B. ??????????????Methodology to Inquire Railway Station Timetable
The Timetable API service's sequence diagram is shown in the figure that may be seen below. The "showTimeTable" method will be invoked  when the user clicks on a specific railway station on the table. This method will send an asynchronous get request to the SNCF API gateway, providing that portal with the branch code of the station that was chosen . This single station's schedule will be returned by the SNCF service (not the schedule for all stations) . The user will be presented with the result that was obtained. After then, the findings will be sent to the programme running on the server. This information is going to be saved in the GraphDB as an RDF Blank-node . If everything works out as planned, the server application will provide the front application with a response with the status code 200 .

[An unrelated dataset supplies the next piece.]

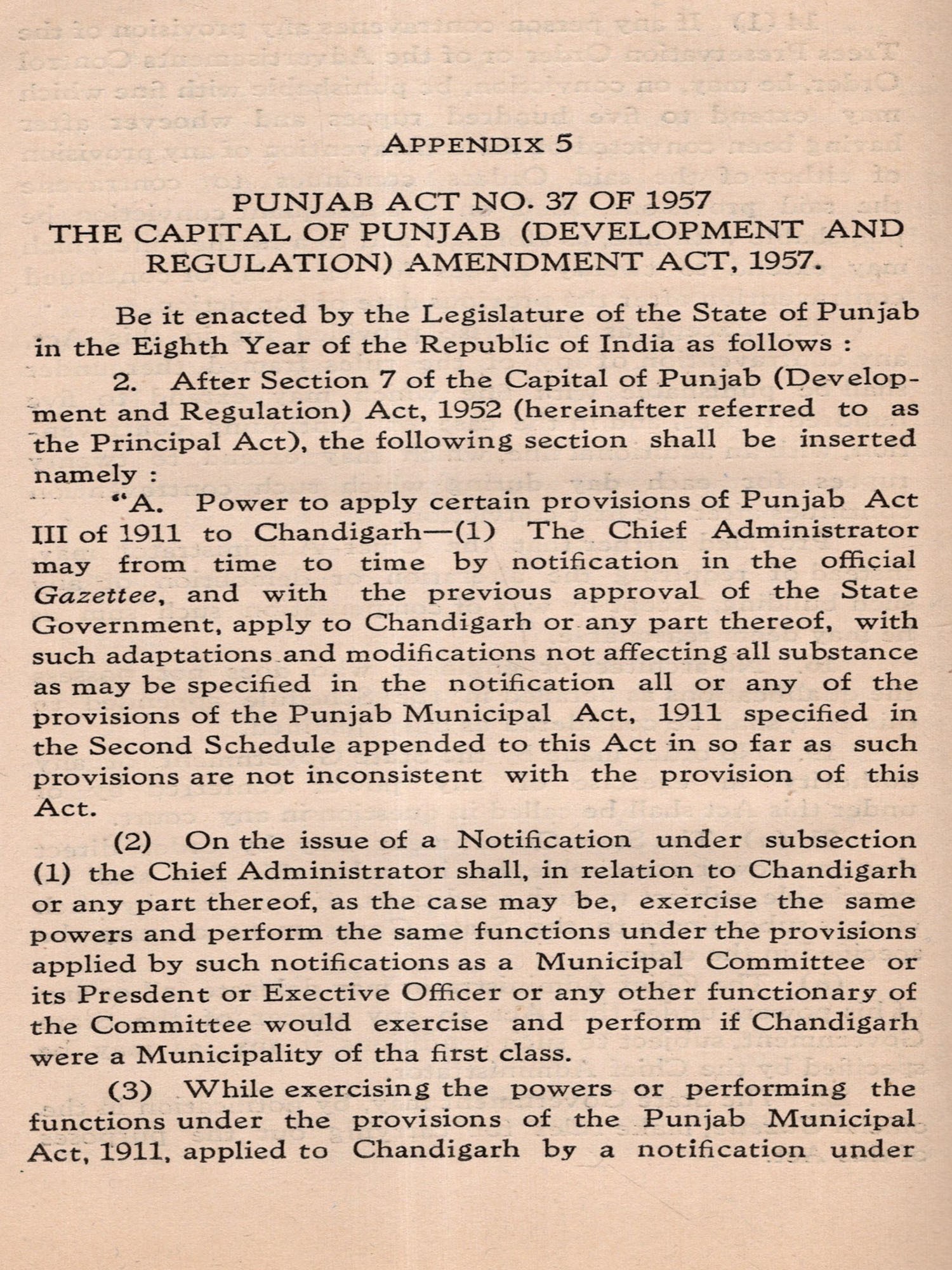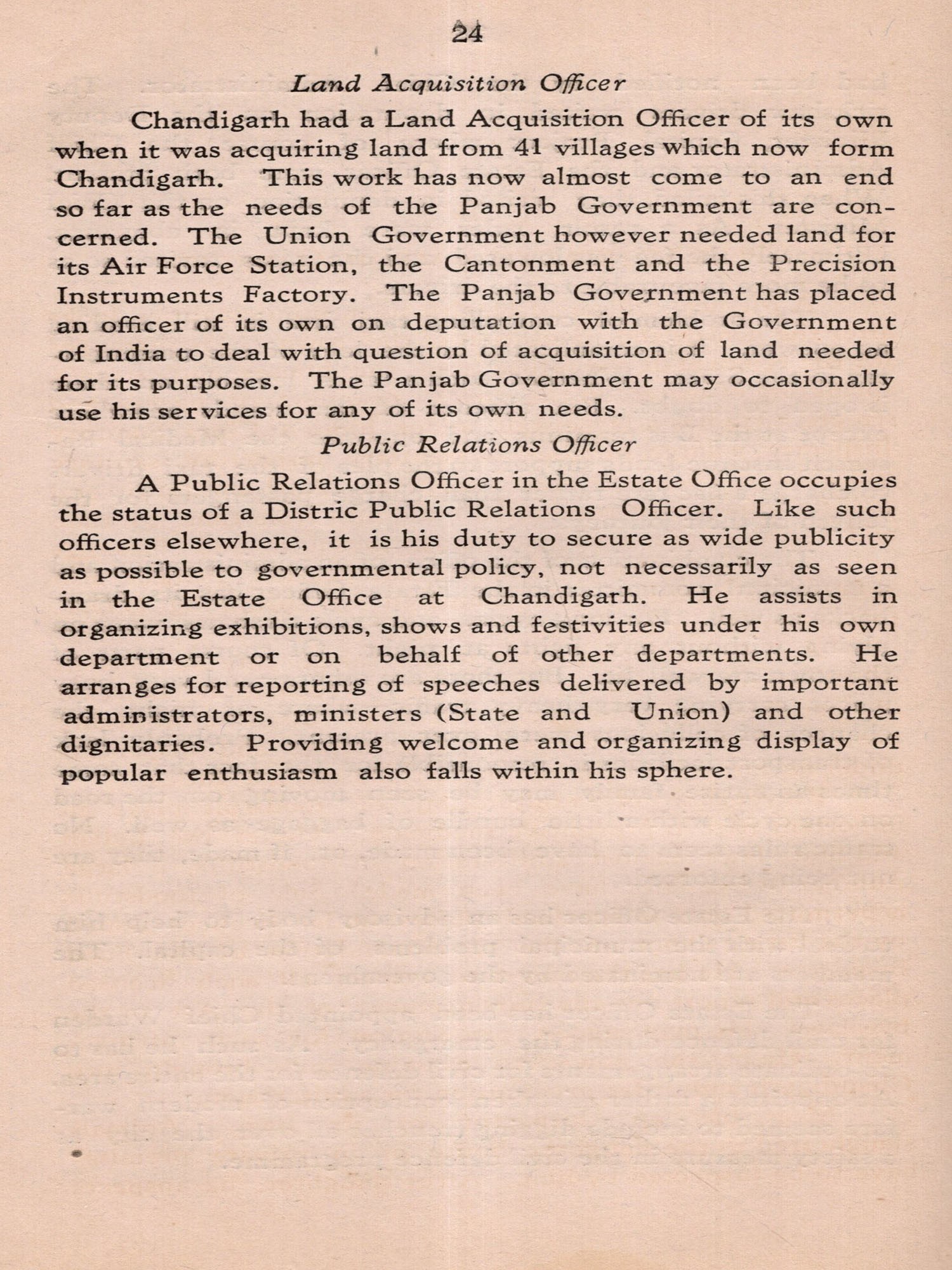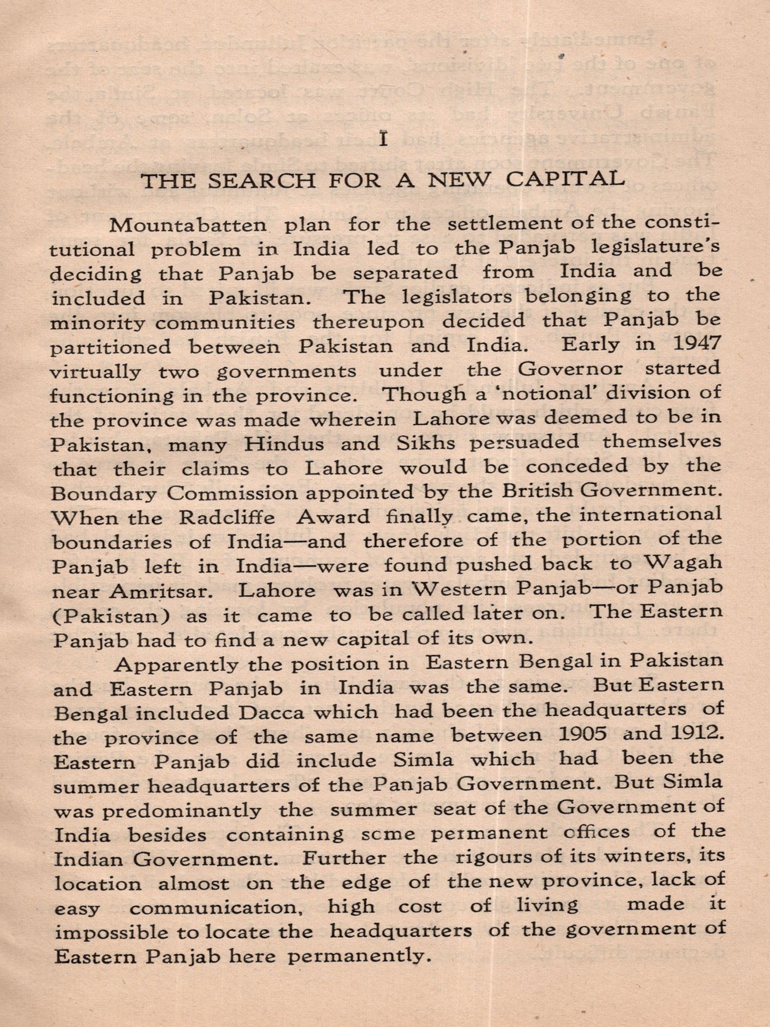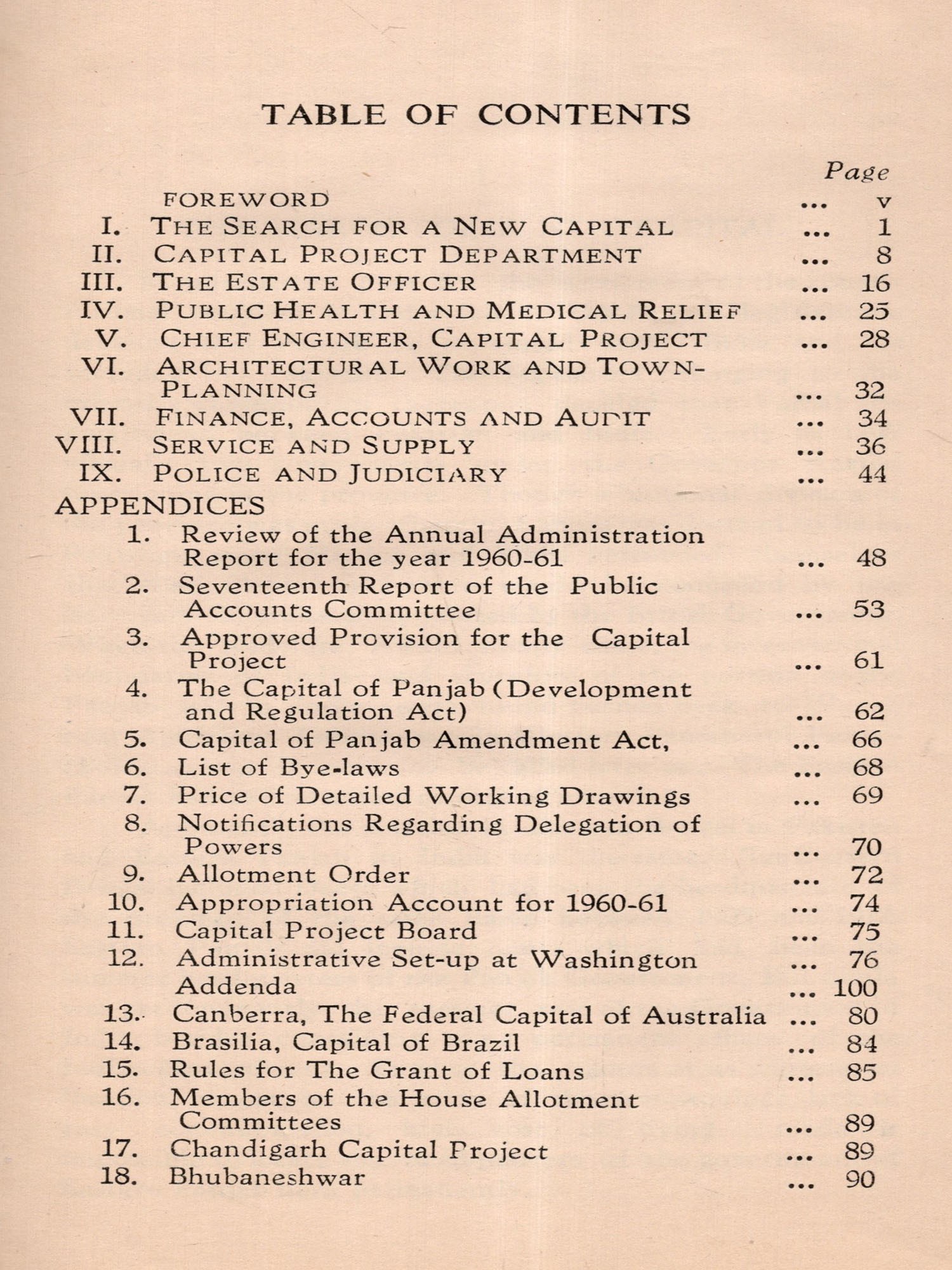 The following pages describe the administrative set-up Four at Chandigarh, the newly built capital of Panjab. appendices describe briefly the administration at four other capital cities elsewhere, Washington (U.S.A.), Canberra (Australia), Brasilia (Brazil) and Bhubaneshwar (Orissa). Though the study was sponsored by the Panjab Branch of the Indian Institute of Public Administration, neither the Panjab Branch nor the I. I. P. A. is responsible for the views expressed in the survey. The Director of the survey is alone responsible for them.

???????C. Methodology to Query Bike Stations real Time Data
The API service sequence diagram for the Rennes bike station is shown in the graphic that may be seen below. The "getAvailability" method will be activated as soon as the user searches for the city of "Rennes" . Using this method will cause an asynchronous GET request to be sent to the Bike station API gateway . The application programming interface for bike stations will provide data on those stations in real time, including the number of bikes available for hire at each of the several bike stations located across the city of Rennes . The received results are going to be forwarded to the application running on the server . This information is going to be saved to the GraphDB in the form of an RDF Blank-node .
If everything works out as planned, the server application will provide the front application with a response with the status code 200 . Then, the front app will once again send an asynchronous GET request to the server application . The "Rennes" city's real-time data will be retrieved from GraphDB by the "Rennes" server application, which will then provide the results. The request will be handled by the programme running on the server, which will then construct the relevant list of items. Then, the front app will get this list after it has been processed . The result will be shown in table  by the front end app.

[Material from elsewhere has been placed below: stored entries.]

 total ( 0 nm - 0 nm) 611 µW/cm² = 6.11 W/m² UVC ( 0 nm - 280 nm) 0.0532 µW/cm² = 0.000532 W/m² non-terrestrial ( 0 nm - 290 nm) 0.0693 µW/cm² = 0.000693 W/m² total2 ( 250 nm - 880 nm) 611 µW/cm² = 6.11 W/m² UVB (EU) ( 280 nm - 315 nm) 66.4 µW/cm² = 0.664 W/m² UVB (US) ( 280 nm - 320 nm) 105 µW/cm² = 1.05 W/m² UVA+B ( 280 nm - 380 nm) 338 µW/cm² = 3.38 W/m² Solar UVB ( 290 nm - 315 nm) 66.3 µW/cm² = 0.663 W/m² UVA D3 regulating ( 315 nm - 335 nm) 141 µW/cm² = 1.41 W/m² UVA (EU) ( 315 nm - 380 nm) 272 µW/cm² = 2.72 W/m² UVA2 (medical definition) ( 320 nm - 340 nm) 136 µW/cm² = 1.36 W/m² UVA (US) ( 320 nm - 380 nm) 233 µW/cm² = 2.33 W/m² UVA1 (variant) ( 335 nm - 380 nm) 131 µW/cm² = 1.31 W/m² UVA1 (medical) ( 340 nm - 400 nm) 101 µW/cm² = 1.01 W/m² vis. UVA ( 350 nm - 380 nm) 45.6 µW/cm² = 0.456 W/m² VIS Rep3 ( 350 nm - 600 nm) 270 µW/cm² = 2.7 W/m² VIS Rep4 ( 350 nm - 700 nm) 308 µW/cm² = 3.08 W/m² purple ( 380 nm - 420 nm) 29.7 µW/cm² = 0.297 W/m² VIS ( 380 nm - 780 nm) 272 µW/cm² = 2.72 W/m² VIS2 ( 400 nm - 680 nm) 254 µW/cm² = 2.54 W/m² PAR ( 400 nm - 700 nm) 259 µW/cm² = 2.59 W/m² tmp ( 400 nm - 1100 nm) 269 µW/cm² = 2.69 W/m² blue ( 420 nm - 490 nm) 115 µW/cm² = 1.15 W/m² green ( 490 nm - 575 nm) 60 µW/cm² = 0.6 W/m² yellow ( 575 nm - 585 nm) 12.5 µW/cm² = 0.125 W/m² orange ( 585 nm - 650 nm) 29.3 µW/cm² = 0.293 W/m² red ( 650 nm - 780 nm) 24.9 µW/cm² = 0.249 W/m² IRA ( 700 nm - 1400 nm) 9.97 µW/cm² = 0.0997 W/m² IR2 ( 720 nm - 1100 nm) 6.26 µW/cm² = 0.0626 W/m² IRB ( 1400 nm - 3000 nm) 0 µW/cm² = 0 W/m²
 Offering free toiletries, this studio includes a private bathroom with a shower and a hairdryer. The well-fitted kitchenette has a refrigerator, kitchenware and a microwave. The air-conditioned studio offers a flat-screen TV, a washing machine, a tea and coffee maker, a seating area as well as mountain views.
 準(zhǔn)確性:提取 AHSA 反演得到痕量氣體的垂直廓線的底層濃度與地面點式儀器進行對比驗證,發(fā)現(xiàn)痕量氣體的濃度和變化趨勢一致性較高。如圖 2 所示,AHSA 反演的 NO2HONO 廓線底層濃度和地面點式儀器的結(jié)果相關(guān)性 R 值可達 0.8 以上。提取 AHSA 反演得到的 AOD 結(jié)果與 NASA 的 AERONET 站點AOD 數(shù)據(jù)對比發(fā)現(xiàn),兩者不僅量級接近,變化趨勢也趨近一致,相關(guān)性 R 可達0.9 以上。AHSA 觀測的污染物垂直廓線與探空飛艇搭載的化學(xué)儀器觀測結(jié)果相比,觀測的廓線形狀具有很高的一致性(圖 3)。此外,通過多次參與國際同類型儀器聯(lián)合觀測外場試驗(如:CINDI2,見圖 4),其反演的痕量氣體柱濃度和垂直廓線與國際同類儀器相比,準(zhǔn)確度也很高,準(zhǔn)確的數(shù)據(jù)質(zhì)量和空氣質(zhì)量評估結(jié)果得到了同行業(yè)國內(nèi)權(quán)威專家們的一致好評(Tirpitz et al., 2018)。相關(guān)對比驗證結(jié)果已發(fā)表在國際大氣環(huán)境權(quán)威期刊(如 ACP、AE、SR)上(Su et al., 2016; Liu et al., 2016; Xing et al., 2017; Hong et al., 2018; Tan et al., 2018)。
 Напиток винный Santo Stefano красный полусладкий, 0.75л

???????D. Methodology to query Weather Data
The sequence diagram of the Weather API service is shown in the graphic that may be seen below. The "getWeather" method will be activated  whenever the user searches for a certain city. The city coordinates and the city name will be sent in an async get request to the Weather API gateway by this function . The Weather API will provide the current weather conditions as well as an accurate prediction for that specific city . The user will be presented with the result that was obtained. After then, the findings will be sent to the programme running on the server. This information is going to be saved in the GraphDB as an RDF Blank-node . If everything works out as planned, the server application will provide the front application with a response with the status code 200 .
???????E. Methodology to Create a new city RDF Data
Using the graphical user interface, the user would be able to generate fresh data for the city. The user will be asked to enter various data depending on the text fields that are provided, such as the name of the city, the city's IRI, the city's coordinates, and so on. This information will be sent to the programme running on the server . The RDF graph will then be created by the server application based on the data that was provided, and it will be stored in the GraphDB . If everything works out as planned, the server application will reply with a status code of 200, and the user will be presented with a message congratulating them on their achievement.
Copyright © 2022 Abhyas Mall, Shoibam Amritraj, Nitish Hans, J Rakesh. This is an open access article distributed under the Creative Commons Attribution License, which permits unrestricted use, distribution, and reproduction in any medium, provided the original work is properly cited.